ヒゲの光脱毛は永久脱毛ではありません|エステの公式は「制毛・抑毛」、家庭用は「3日に1回・6か月で目立ちにくく」です

エステサロンの光脱毛と、家庭用の光美容器。どちらもヒゲに使えますが、公式が約束しているのは「制毛・抑毛」と「目立ちにくく」までです。「毛が生えてこなくなる」とはどこにも書かれていません。両方の公式表記を並べて、何が違うのかを整理します。
ヒゲを光でどうにかしたいと考えたとき、選択肢はエステサロン、家庭用の光美容器、医療脱毛の3つです。値段だけを並べると光のほうが安く見えますが、同じ結果を買っているわけではありません。
※ 効果や痛みの感じ方には個人差があります。料金・施術内容・リスクの詳細は、必ず各社の公式サイトとカウンセリングでご確認ください。

ヒゲの光脱毛は、どこまで効きますか

エステサロンの光脱毛でヒゲに得られるのは「制毛・抑毛」で、毛根そのものは壊れません。医療脱毛専門のリゼクリニックは公式サイトで、次のように説明しています。
エステサロンで行う光脱毛は、IPL脱毛や美容脱毛などとも呼ばれており、光線はパワーが弱いため毛根を破壊することができません。
光線によって軽くダメージを受けた状態のため、一時的に毛が生えなくなったり、毛が生えるのが遅くなるといった効果(制毛・抑毛)を得ることはできますが、しばらくするとまた必ず生えてきます。
※ リゼクリニック公式「永久脱毛の定義とは」より引用(2026年9月8日確認)。
これは効果がゼロという話ではありません。通っている間は生えるのが遅くなります。ただしやめれば戻るという前提で費用を計算する必要があります。

なぜエステの光では毛が生えなくなりませんか

毛根(毛乳頭)を壊すことが医療行為に当たるため、医療機関以外では行えないからです。
本来は毛根(毛乳頭)を破壊することは医療行為です。
※ 同上(2026年9月8日確認)。
出力を上げれば壊せる、という話ではありません。壊せる出力を出すこと自体が、医療機関に限られています。

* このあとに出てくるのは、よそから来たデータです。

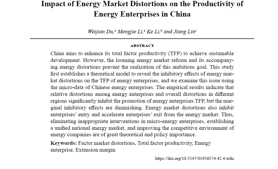 近日,能源经济期刊《Energy Journal》发表山东工商学院乐动网页版一篇财富管理研究论文,标题为“Impact of Energy Market Distortions on the Productivity ofEnergy Enterprises in China”。乐动网页版杜威剑教授为第一作者,学校为第一完成单位。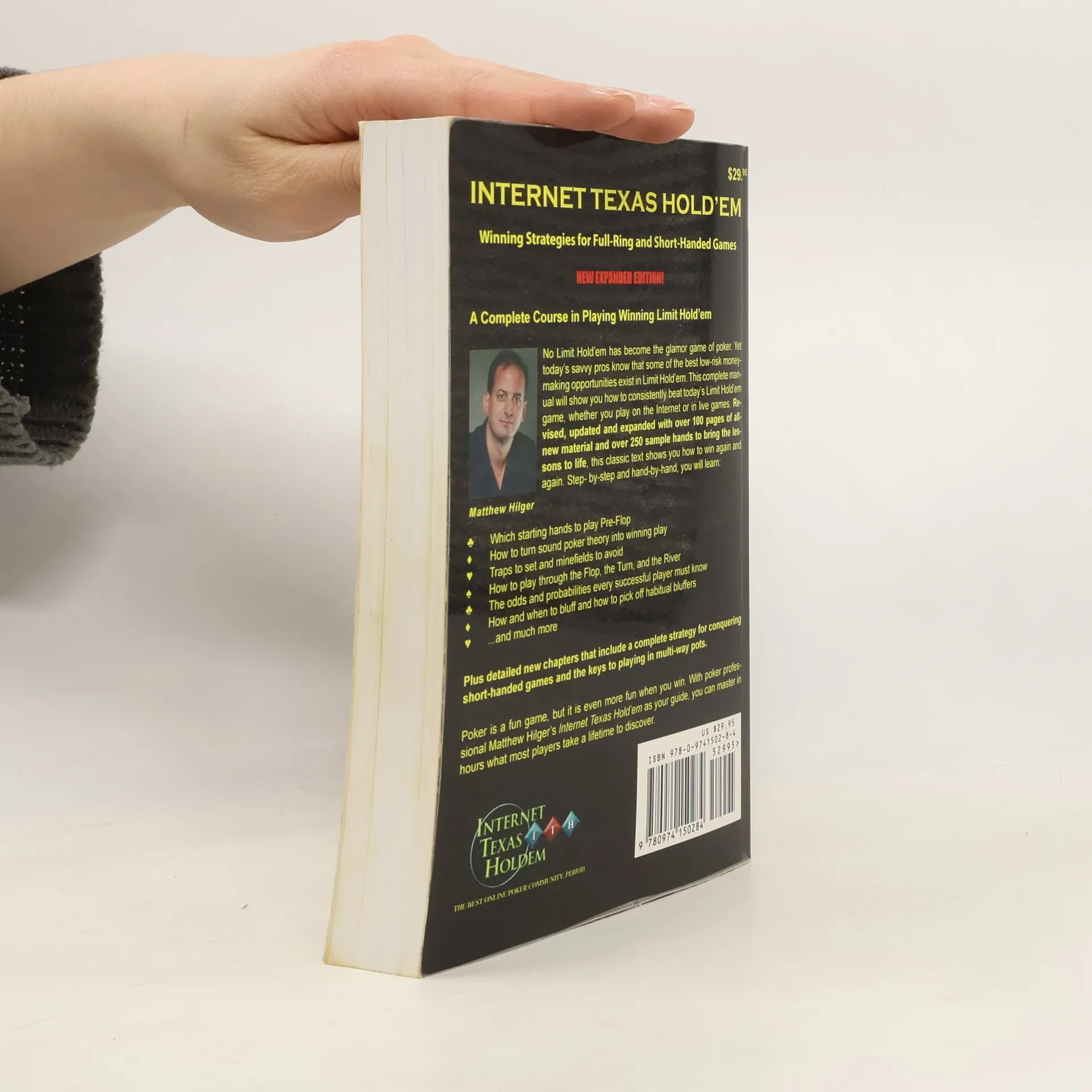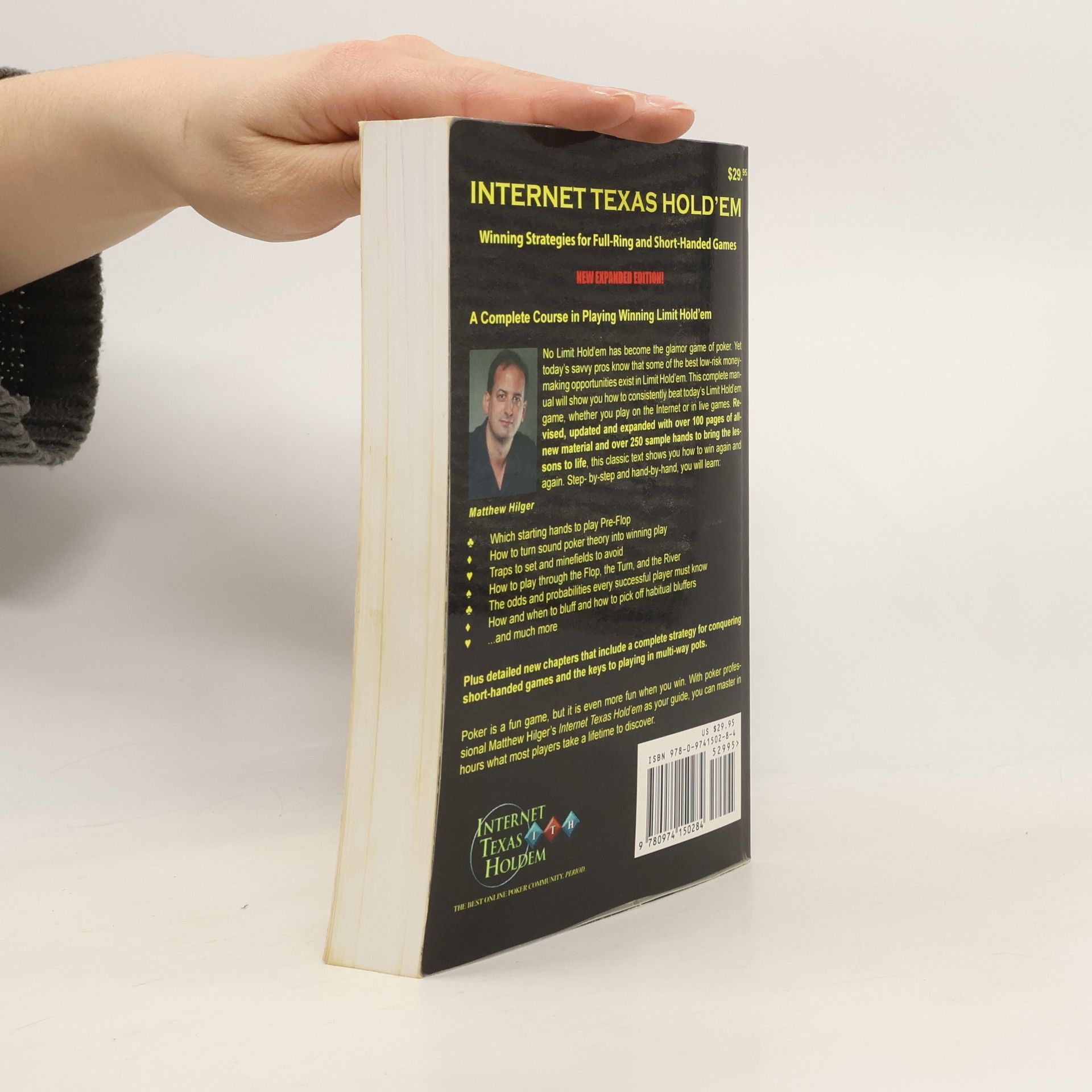 EXPANDED NEW EDITION!A Complete Course in Playing Winning Limit Hold’emNo Limit Hold’em has become the glamor game of poker. Yet today's savvy pros know that some of the best low-risk money-making opportunities exist in Limit Hold’em. This complete manual will show you how to consistently beat today's Limit Hold’em game, whether you play on the Internet or in live games. Revised, updated and expanded with over 100 pages of all-new material and over 250 sample hands to bring the lessons to life, this classic text shows you how to win again and again. Step-by-step and hand-by-hand, you will Which starting hands to play Pre-Flop- How to turn sound poker theory into winning play- Traps to set and minefields to avoid- How to play through the Flop, the Turn, and the River- The odds and probabilities every successful player must know- How and when to bluff and how to pick off habitual bluffers- ...and much morePlus detailed new chapters that include a complete strategy for conquering short-handed games and the keys to playing in multi-way pots.Poker is a fun game, but it is even more fun when you win. With poker professional Matthew Hilger's Internet Texas Hold 'em as your guide, you can master in hours what most players take a lifetime to discover.

だからエステサロンの機器は、はじめから毛根を壊さない範囲で設計されています。
言葉の使い分けを見れば、どちらなのか分かります
  • エステ側 … 「制毛」「抑毛」「美容脱毛」「目立ちにくく」
  • 医療側 … 「永久脱毛」「発毛組織を破壊」
公式サイトが「永久脱毛」と書いていない相手に、永久脱毛を期待しないでください。書かないのは、書けないからです。

「永久脱毛」とは、そもそも何をもって言うのですか

永久脱毛は「二度と生えない」という意味ではありません。定義は海外の機関のものが使われています。
出どころ定義
FDA(アメリカ食品医薬品局)一定の脱毛施術を行った後に再発毛する本数が、長期間において減少し、その状態が長期間にわたって維持されること
AEA(米国電気脱毛協会)最終脱毛をしてから1ヶ月後の毛の再生率が20%以下であれば永久脱毛と認める
※ リゼクリニック公式「永久脱毛の定義とは」に記載された定義(2026年9月8日確認)。
つまり医療脱毛でも「減った状態が続く」までです。光脱毛はこの水準に届かない、という差です。定義そのものはこちらで詳しく整理しています。

家庭用の光美容器はヒゲに使えますか

使えます。ただし「首」には当てられません。パナソニックの光美容器 ES-WP9A は、公式の仕様表で使用できる部位を次のように定めています。
公式の記載
使用できる部位脚、腕、ワキ、手、胸、お腹、Vゾーン、Iゾーン、Oゾーン、顔(ヒゲ含む)
使える毛色黒・茶・暗い金色
使用しない部位目の周り、眉周り、耳、唇、、頭 ほか
※ パナソニック公式のES-WP9A仕様ページより(2026年9月8日確認)。使用しない部位はほかにも定められています。必ず取扱説明書の全文をご確認ください。
首のヒゲが濃い人には、家庭用では手が出せない場所が残ります。首をどうするかは、クリニックでも3部位に含まれないことが多い論点です。

公式が示している効果は「ジョリジョリ感の低減」です

同社の ES-WP9B の商品ページには、ヒゲについてこう書かれています。
スムースエピを使用することでヒゲ特有のジョリジョリ感の低減を実感。さらに目立ちにくく。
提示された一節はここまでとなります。